Extracted material:

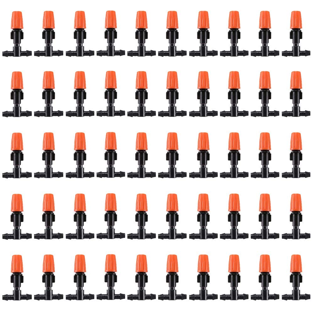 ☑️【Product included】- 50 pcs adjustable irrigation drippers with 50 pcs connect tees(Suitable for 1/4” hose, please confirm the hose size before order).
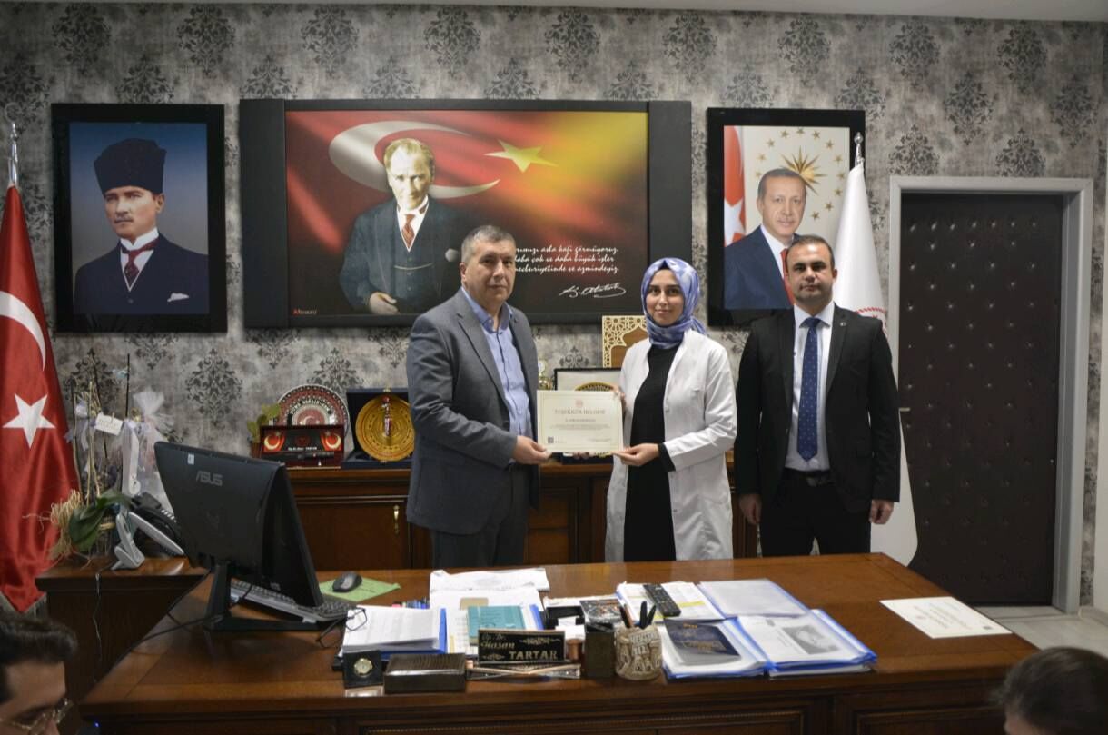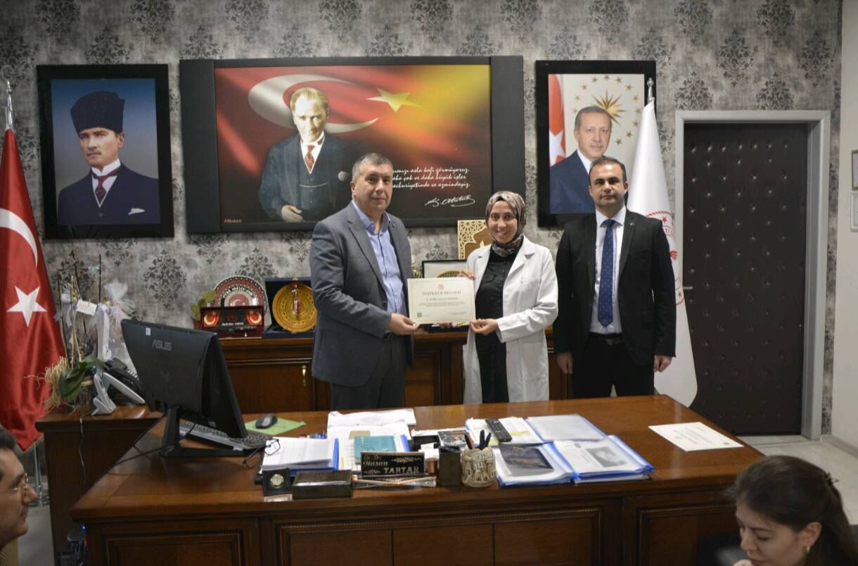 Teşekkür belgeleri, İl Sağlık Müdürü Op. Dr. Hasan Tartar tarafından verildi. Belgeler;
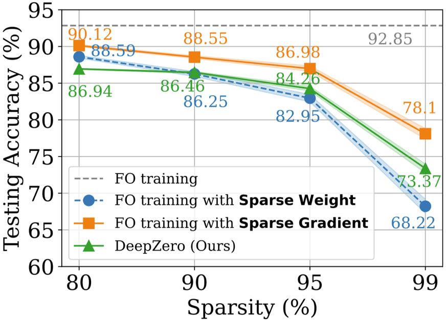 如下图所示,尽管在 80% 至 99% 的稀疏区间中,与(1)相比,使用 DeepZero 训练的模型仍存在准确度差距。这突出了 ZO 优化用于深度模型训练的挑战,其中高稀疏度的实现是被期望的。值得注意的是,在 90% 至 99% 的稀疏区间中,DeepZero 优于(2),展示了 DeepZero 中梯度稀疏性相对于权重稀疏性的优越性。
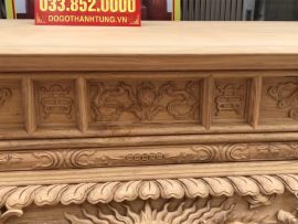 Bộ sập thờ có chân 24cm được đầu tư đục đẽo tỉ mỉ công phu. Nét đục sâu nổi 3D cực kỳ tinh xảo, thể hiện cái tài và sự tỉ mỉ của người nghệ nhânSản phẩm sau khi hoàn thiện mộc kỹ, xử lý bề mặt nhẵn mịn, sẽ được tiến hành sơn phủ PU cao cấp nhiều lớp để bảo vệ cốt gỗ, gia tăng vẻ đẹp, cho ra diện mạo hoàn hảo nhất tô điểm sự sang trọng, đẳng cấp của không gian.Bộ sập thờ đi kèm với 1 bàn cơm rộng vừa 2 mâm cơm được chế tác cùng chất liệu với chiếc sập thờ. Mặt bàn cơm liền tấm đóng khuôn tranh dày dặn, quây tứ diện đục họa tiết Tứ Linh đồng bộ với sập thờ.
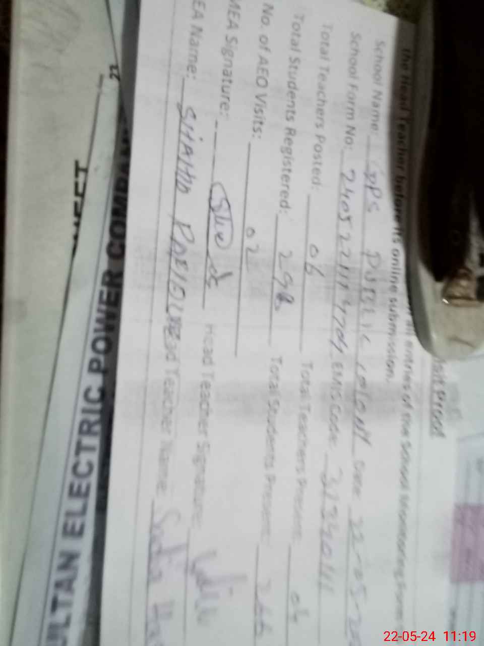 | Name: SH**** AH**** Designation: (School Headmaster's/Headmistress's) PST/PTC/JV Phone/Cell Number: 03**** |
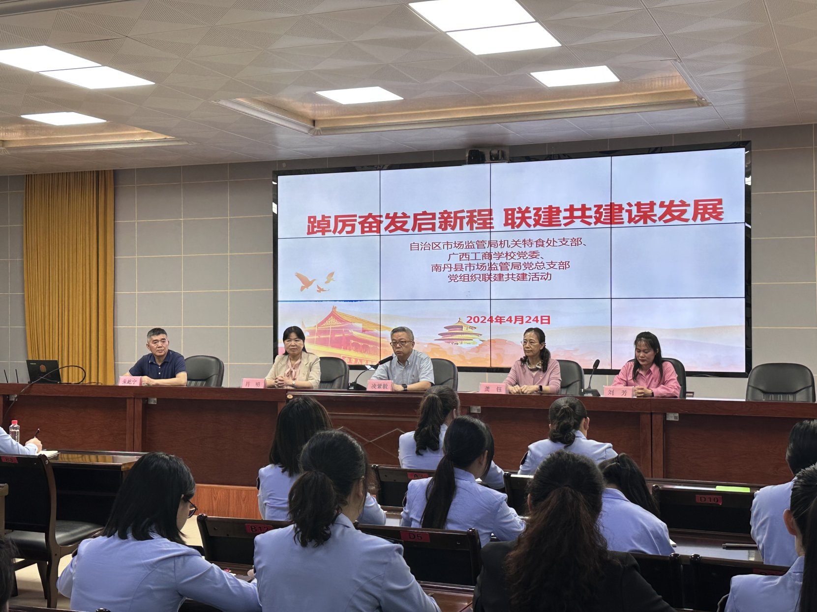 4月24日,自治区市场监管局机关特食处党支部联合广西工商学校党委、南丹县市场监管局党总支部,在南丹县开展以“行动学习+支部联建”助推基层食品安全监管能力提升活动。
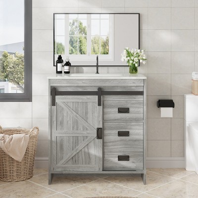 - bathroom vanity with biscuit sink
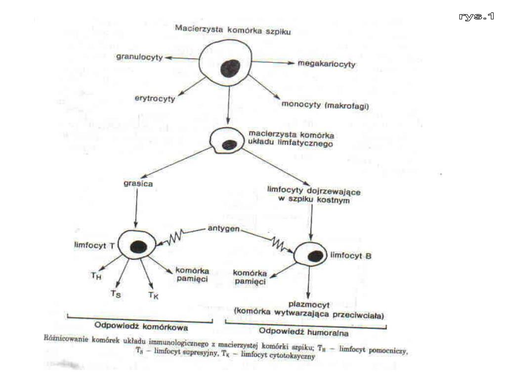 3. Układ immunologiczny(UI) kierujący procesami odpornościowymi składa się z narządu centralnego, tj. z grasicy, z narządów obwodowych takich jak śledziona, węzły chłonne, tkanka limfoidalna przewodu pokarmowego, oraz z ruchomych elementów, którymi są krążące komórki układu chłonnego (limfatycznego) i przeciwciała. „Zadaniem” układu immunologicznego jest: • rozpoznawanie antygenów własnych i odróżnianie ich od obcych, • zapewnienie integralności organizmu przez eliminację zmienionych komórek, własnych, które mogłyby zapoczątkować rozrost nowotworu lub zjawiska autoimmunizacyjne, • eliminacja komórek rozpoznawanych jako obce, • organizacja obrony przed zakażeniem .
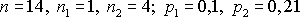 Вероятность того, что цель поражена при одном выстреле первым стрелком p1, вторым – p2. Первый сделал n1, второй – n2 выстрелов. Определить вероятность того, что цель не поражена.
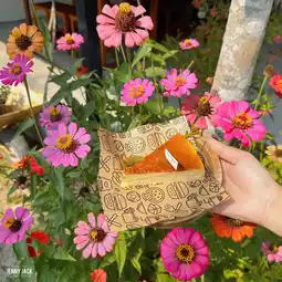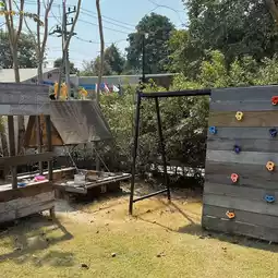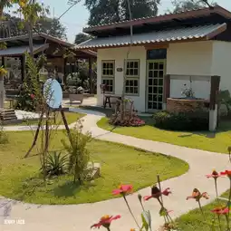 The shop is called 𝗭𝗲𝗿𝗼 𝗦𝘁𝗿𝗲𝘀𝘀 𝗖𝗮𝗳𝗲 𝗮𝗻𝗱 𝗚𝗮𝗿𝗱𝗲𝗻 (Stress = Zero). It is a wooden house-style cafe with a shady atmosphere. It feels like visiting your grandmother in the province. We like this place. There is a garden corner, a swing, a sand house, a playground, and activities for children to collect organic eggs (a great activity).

What you have to do: Write out again, word for word, only the lines from the one with "Вероятность того, что цель поражена" through the last line of the material, and omit each picture.

Written answer:
 Вероятность того, что цель поражена при одном выстреле первым стрелком p1, вторым – p2. Первый сделал n1, второй – n2 выстрелов. Определить вероятность того, что цель не поражена.
 The shop is called 𝗭𝗲𝗿𝗼 𝗦𝘁𝗿𝗲𝘀𝘀 𝗖𝗮𝗳𝗲 𝗮𝗻𝗱 𝗚𝗮𝗿𝗱𝗲𝗻 (Stress = Zero). It is a wooden house-style cafe with a shady atmosphere. It feels like visiting your grandmother in the province. We like this place. There is a garden corner, a swing, a sand house, a playground, and activities for children to collect organic eggs (a great activity).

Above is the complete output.